Darma mengangguk dan membawaku – menyeretku, lebih tepatnya – menuju meja dimana keluarganya sedang memilih makanan. Darma menyapa mereka dan mengenalkanku pada mereka. Aku tersenyum dan memberi salam pada mereka dan mereka sangat welcome padaku.
Aku salah sangka! Yang dimaksud Darma adalah tiga orang yang duduk di belakang wanita muda dan cantik itu. Parah saja aku udah parno duluan. Dan beruntung aku nggak jadi pulang duluan.
Adik Darma sepertinya masih kelas XI, tapi tindak tanduknya seperti anak kelas VI. Namanya Elin. Ia cantik dan manja, terlihat dari caranya menyapaku. Untuk ukuran anak SMA, ia terlihat lebih manja dan welcome. Nggak seperti anak SMA kebanyakan yang jaim dan malu- malu. Aku suka Elin dan keluarganya sangat baik.

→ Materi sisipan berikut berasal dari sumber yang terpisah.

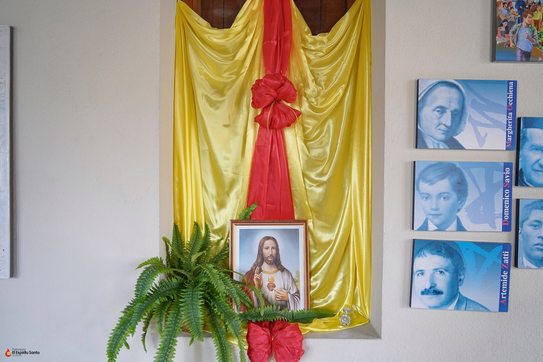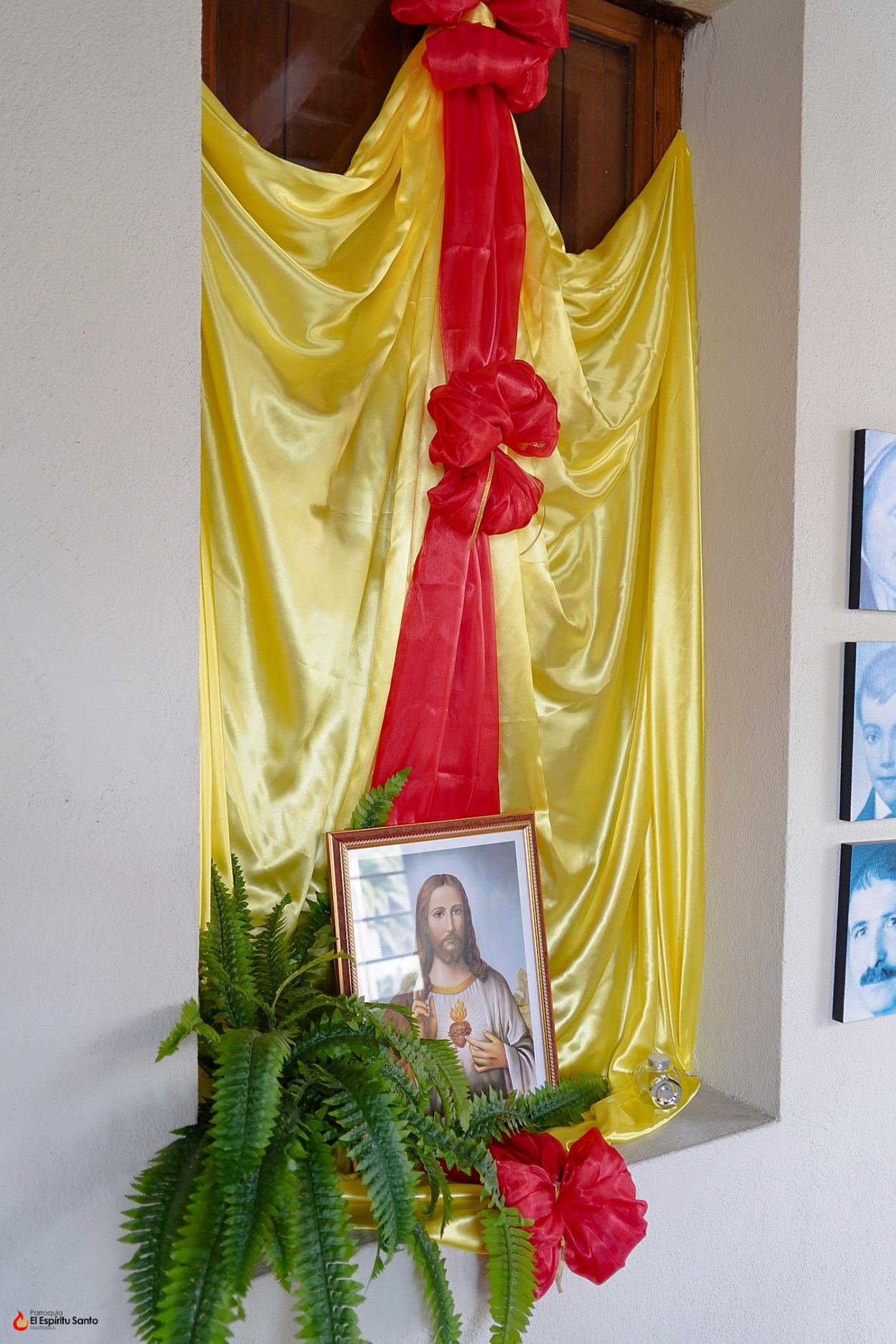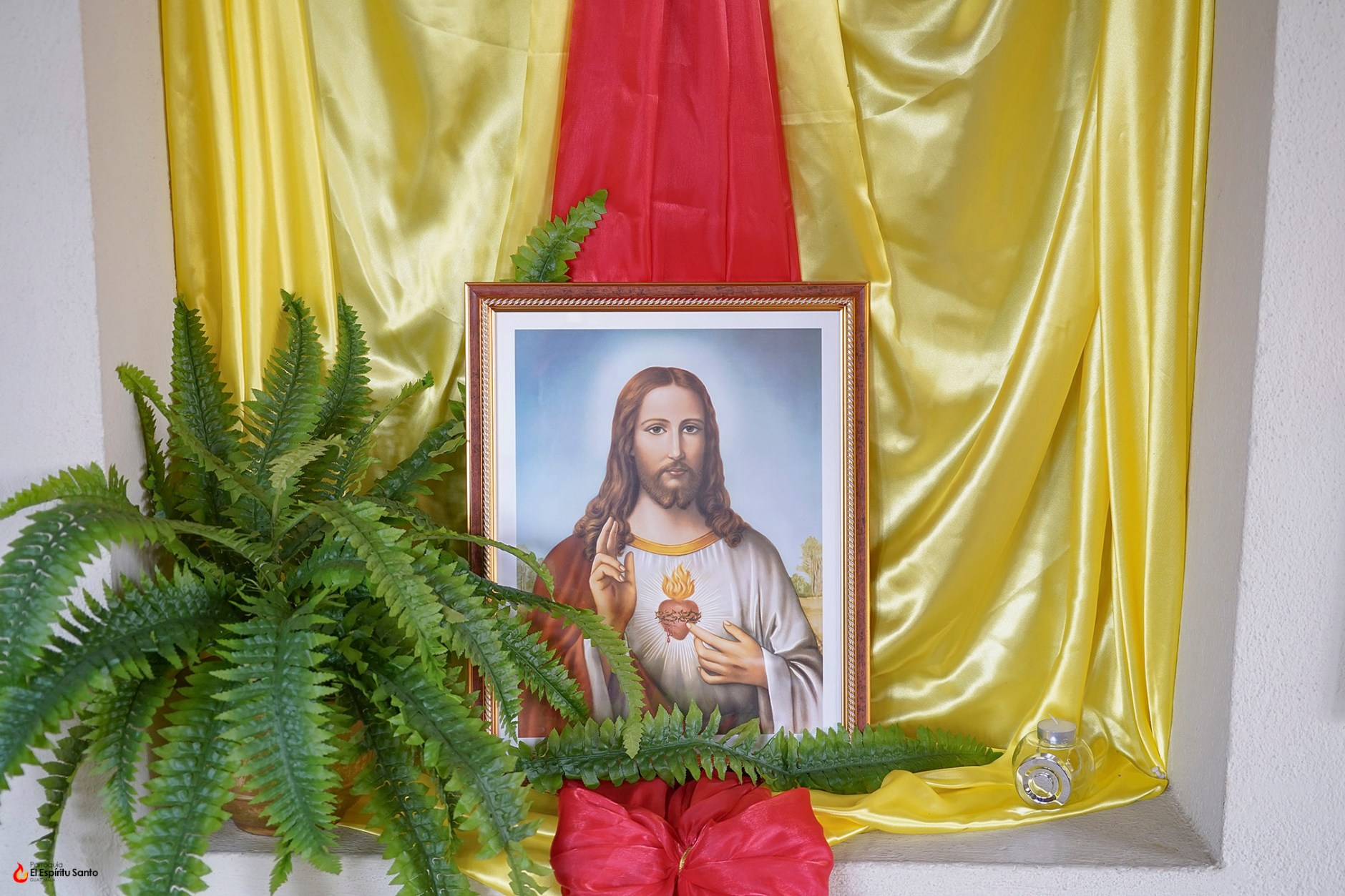 La decoración que enmarca esta entronización resalta por su sobriedad y simbolismo. Un fondo de tela satinada en color amarillo brillante, símbolo de luz y gloria, sirve de base para una banda central de intenso rojo, que evoca el amor ardiente del Corazón de Cristo. Dos moños en el mismo tono rojo acentúan visualmente el arreglo, aportando elegancia y solemnidad. A los pies del cuadro, un helecho natural añade frescura y vida a la escena, mientras una flor roja y una vela encendida completan el altar improvisado, invitando al recogimiento y a la oración.
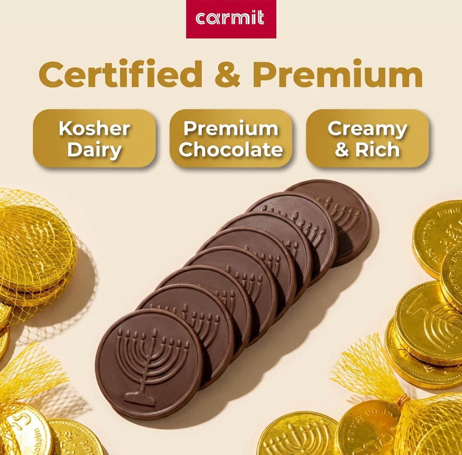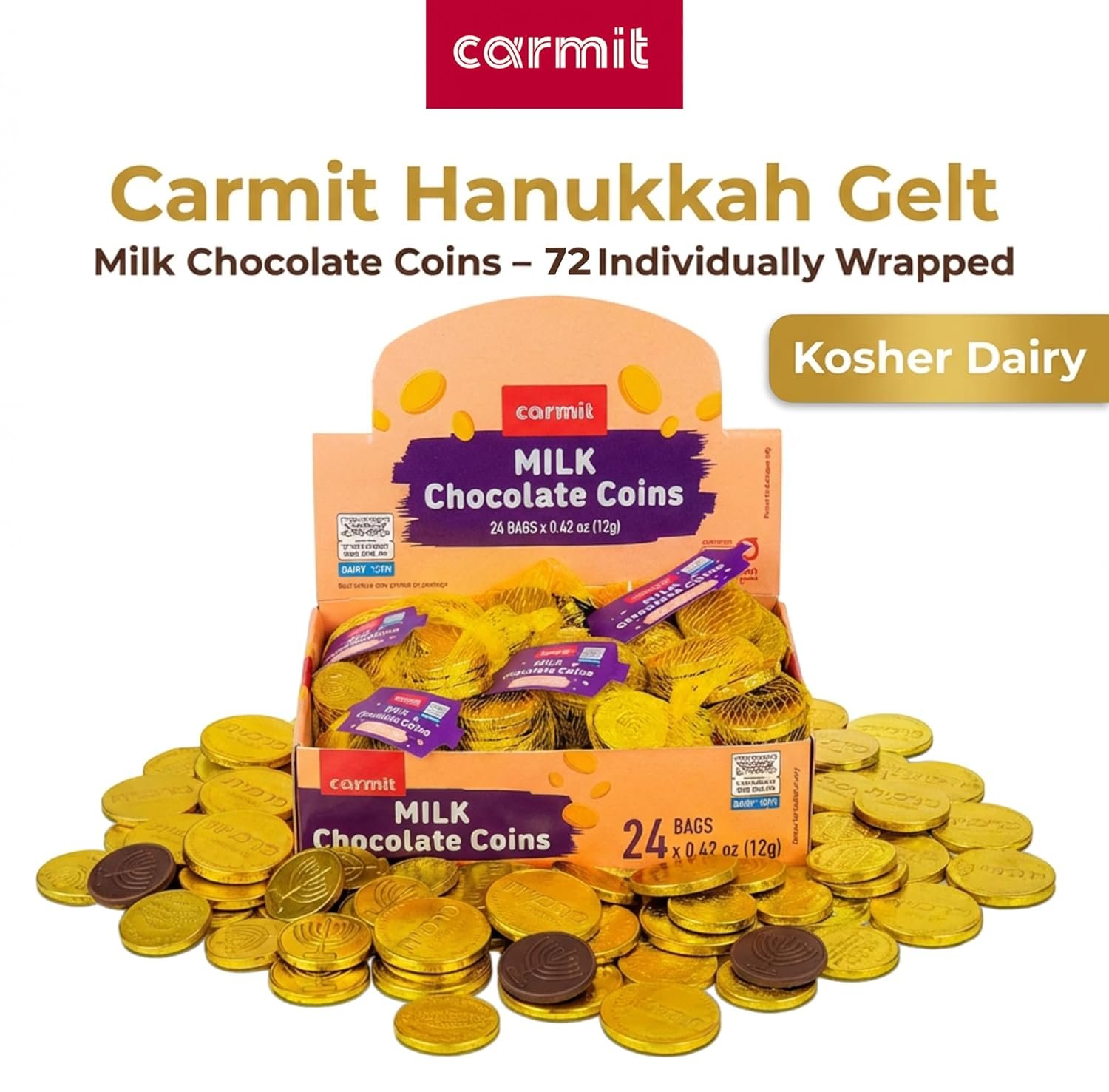 CHOCOLATE GELT: Rich and creamy milk chocolate coins crafted by the trusted Carmit brand. The perfect, authentic Hanukkah gelt for all ages and essential holiday candy.

Mama Darma menyuruhku menceritakan diriku dan dengan senang hati aku menjelaskan jati diriku dan menceritakan bahwa aku dan Darma baru saja bertemu sekitar tiga jam yang lalu. Keluarga Darma cukup kaget karena ternyata kami baru saja bertemu tapi kami terlihat sudah kenal selama tiga tahun.
Elin sangat narsis dan meminta Darma memotretnya bersamaku selama menunggu makanan datang. Banyak foto yang kami abadikan. Kebanyakan Elin memintaku berfoto dengannya, tapi nggak jarang juga ia menyuruhku foto bersama papa-mamanya dan dengan Darma juga. Di foto itu aku terlihat seperti adiknya Darma, bukan sebagai temannya. Kemudian Elin mengambil alih dan meminta mamanya memotretnya bersama aku dan Darma.
Saat makanan datang, nggak mengurangi potensi Elin untuk foto- foto lagi. Bahkan saat aku sedang kepanasan karena nasi yang kumakan belum kutiup, Elin memotretku dan hasilnya aku sangat aneh.
Selesai makan bersama ini rasanya nggak sopan kalau aku langsung pulang, tapi hari udah sore dan aku kangen dengan mami. Dengan berat hati aku dan Elin berpisah, tapi sebelumnya kami saling bertukar nomor handphone dan saling memberi alamat twitter.
Aku pamit dengan keluarga Darma, kami berpisah di depan kedai makanan jepang itu. “Hati- hati, Kak Sarah!” seru Elin. Ia tersenyum, tapi rasanya dia nggak rela.
Aku tersenyum ke arah mereka dan turun dengan eskalator. Aku rasa hari ini sangat menyenangkan. Walaupun aku cukup kecewa karena Yesi dan Nila nggak datang.
Aku senang karena aku membatin tentang Darma tadi saat di toko buku, kemudian kami bertemu. Ini magic! Mungkin ini karena panah Aphrodite! Aku tersenyum dan pulang. Berharap someday kami akan bertemu lagi.